+++ Extracted data +++

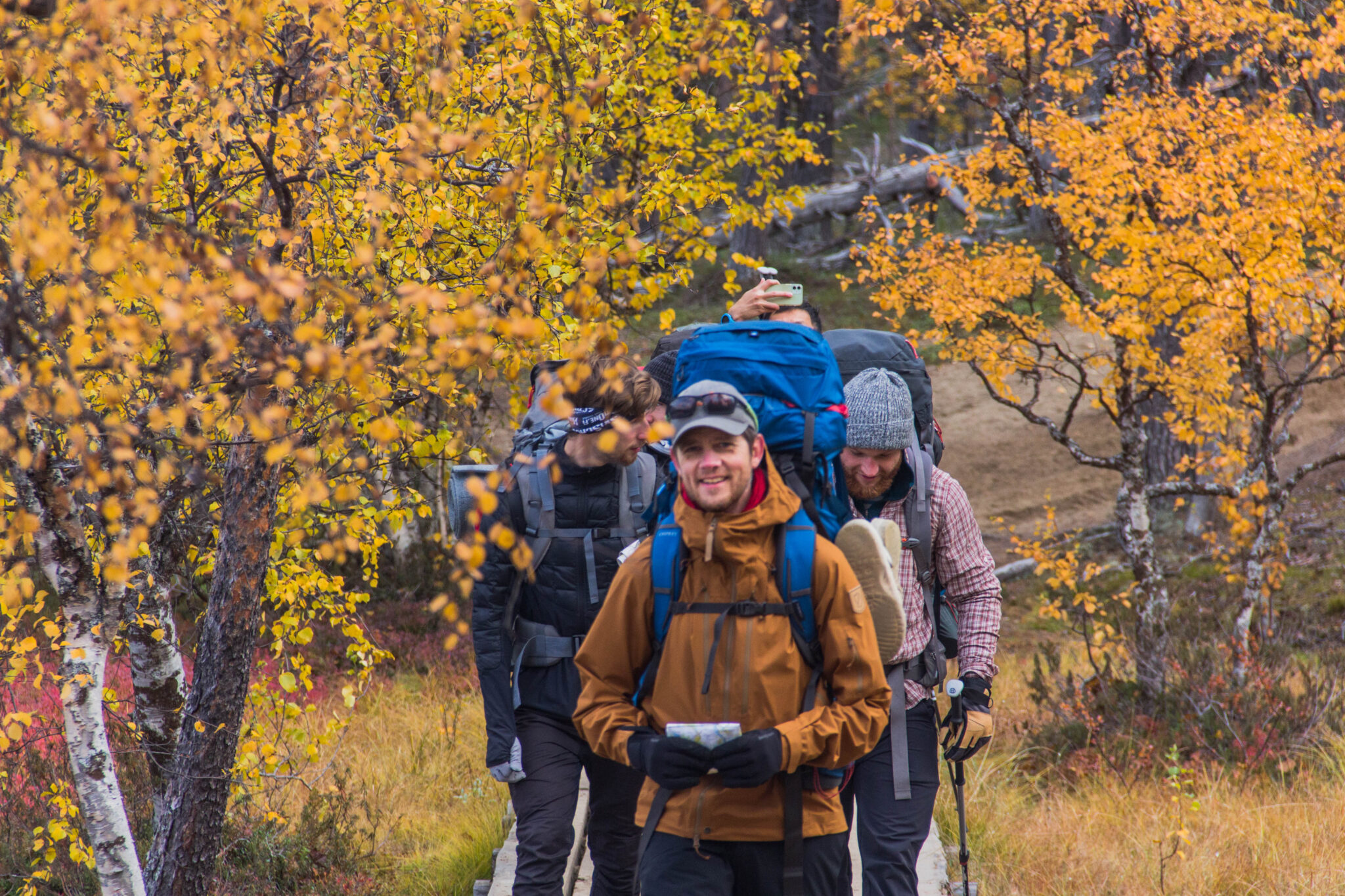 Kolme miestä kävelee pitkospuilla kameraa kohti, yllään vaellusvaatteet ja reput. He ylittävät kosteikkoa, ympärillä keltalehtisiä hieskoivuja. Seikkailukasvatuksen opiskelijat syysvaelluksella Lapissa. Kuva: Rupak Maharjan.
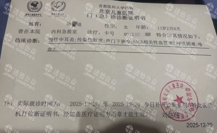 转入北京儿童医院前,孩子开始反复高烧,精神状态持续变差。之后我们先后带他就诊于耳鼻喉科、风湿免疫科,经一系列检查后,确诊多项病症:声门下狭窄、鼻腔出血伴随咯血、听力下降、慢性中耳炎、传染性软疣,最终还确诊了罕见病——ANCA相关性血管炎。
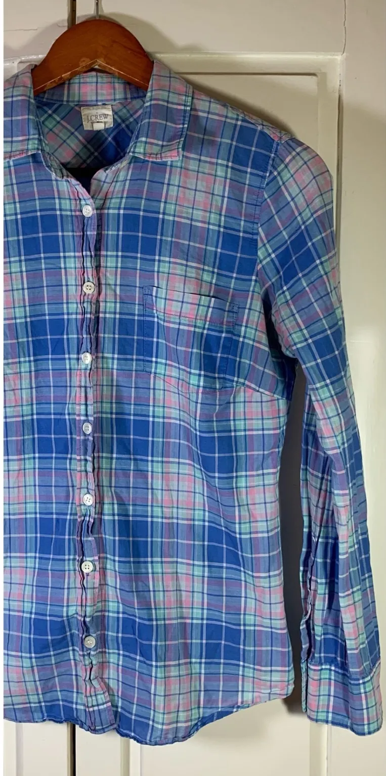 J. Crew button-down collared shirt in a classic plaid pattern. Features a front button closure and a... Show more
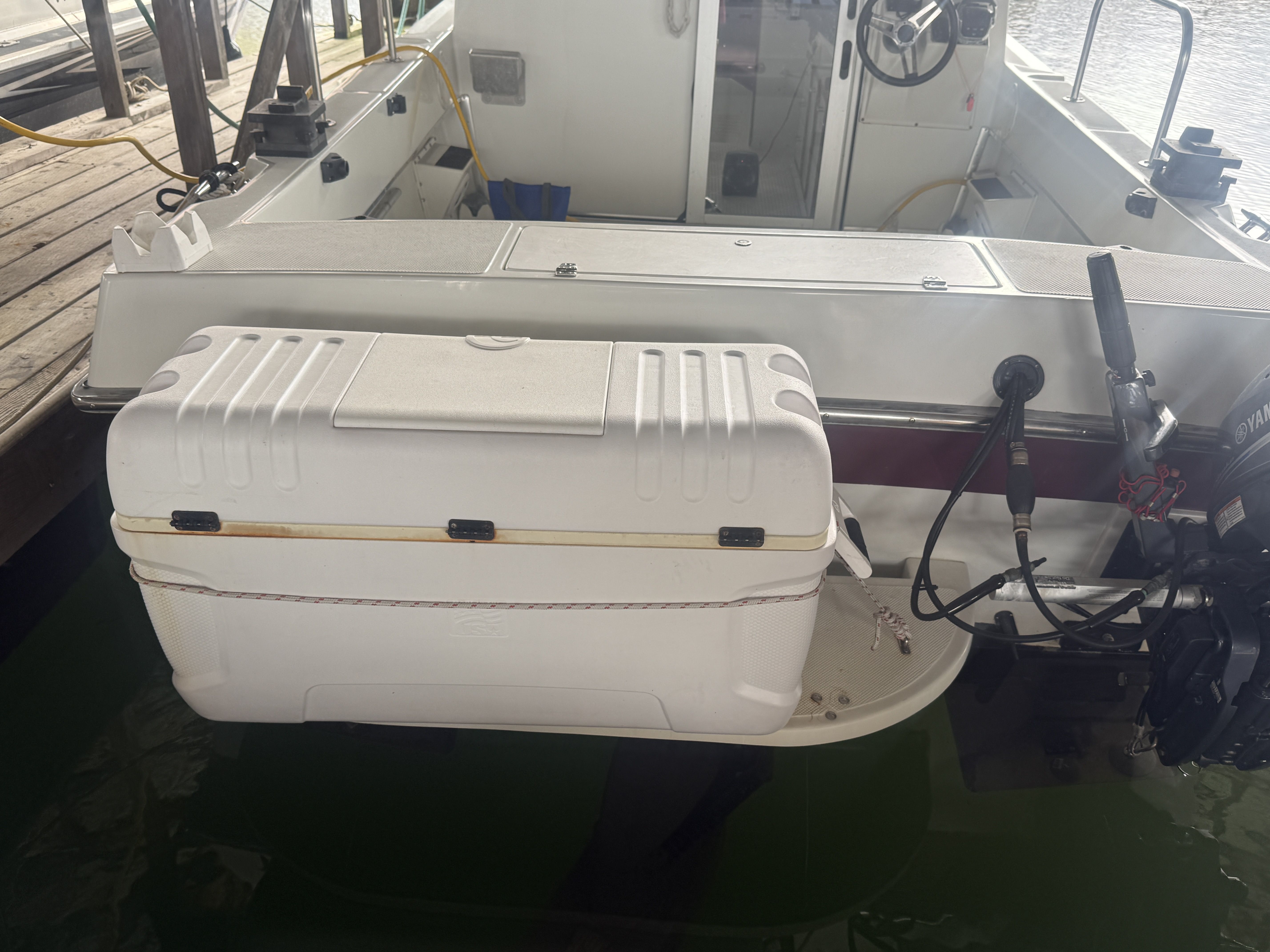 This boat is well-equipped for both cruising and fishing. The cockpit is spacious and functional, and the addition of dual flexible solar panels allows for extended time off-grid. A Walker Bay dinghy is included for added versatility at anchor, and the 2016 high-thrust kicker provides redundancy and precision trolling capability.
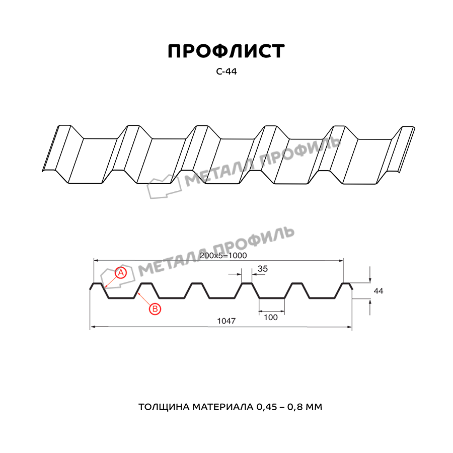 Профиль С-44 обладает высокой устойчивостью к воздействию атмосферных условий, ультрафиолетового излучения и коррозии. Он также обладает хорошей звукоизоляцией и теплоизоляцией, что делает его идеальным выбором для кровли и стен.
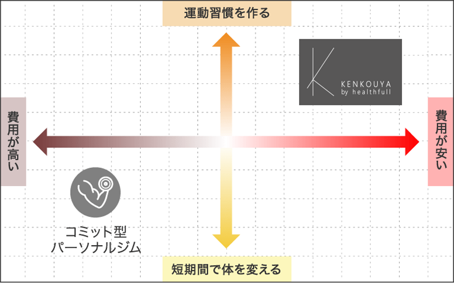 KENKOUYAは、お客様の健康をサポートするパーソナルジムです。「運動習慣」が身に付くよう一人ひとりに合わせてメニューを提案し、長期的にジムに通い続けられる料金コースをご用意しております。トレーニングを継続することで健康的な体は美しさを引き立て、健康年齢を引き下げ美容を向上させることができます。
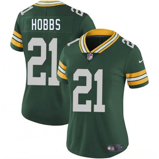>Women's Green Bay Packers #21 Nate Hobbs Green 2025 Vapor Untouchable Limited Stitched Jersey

+++

Everything in the listing should be repeated exactly except the pictures.

 Kolme miestä kävelee pitkospuilla kameraa kohti, yllään vaellusvaatteet ja reput. He ylittävät kosteikkoa, ympärillä keltalehtisiä hieskoivuja. Seikkailukasvatuksen opiskelijat syysvaelluksella Lapissa. Kuva: Rupak Maharjan.
 转入北京儿童医院前,孩子开始反复高烧,精神状态持续变差。之后我们先后带他就诊于耳鼻喉科、风湿免疫科,经一系列检查后,确诊多项病症:声门下狭窄、鼻腔出血伴随咯血、听力下降、慢性中耳炎、传染性软疣,最终还确诊了罕见病——ANCA相关性血管炎。
 J. Crew button-down collared shirt in a classic plaid pattern. Features a front button closure and a... Show more
 This boat is well-equipped for both cruising and fishing. The cockpit is spacious and functional, and the addition of dual flexible solar panels allows for extended time off-grid. A Walker Bay dinghy is included for added versatility at anchor, and the 2016 high-thrust kicker provides redundancy and precision trolling capability.
 Профиль С-44 обладает высокой устойчивостью к воздействию атмосферных условий, ультрафиолетового излучения и коррозии. Он также обладает хорошей звукоизоляцией и теплоизоляцией, что делает его идеальным выбором для кровли и стен.
 KENKOUYAは、お客様の健康をサポートするパーソナルジムです。「運動習慣」が身に付くよう一人ひとりに合わせてメニューを提案し、長期的にジムに通い続けられる料金コースをご用意しております。トレーニングを継続することで健康的な体は美しさを引き立て、健康年齢を引き下げ美容を向上させることができます。
>Women's Green Bay Packers #21 Nate Hobbs Green 2025 Vapor Untouchable Limited Stitched Jersey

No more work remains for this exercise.